AIM OF THE EXERCISE - A faithful copy of the entries is required, with no images in it.

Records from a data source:
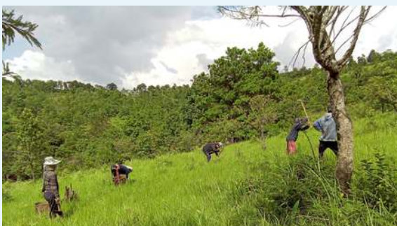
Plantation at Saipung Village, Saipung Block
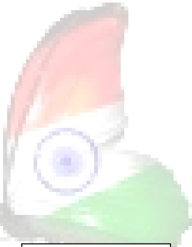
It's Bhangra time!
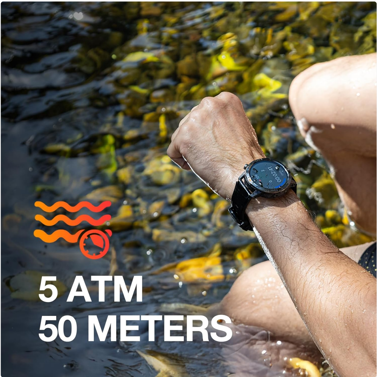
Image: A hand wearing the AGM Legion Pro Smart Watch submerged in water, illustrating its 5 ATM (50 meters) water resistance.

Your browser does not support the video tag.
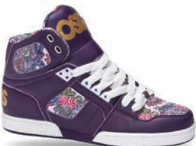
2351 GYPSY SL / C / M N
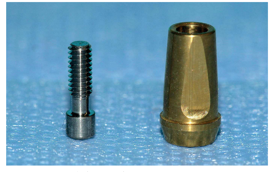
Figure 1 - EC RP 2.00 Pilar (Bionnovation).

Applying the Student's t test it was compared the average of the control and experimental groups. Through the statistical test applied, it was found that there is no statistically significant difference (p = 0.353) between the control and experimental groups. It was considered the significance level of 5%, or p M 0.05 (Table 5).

EXERCISE OUTPUT -
Plantation at Saipung Village, Saipung Block
It's Bhangra time!
Image: A hand wearing the AGM Legion Pro Smart Watch submerged in water, illustrating its 5 ATM (50 meters) water resistance.

Your browser does not support the video tag.
2351 GYPSY SL / C / M N
Figure 1 - EC RP 2.00 Pilar (Bionnovation).

Applying the Student's t test it was compared the average of the control and experimental groups. Through the statistical test applied, it was found that there is no statistically significant difference (p = 0.353) between the control and experimental groups. It was considered the significance level of 5%, or p M 0.05 (Table 5).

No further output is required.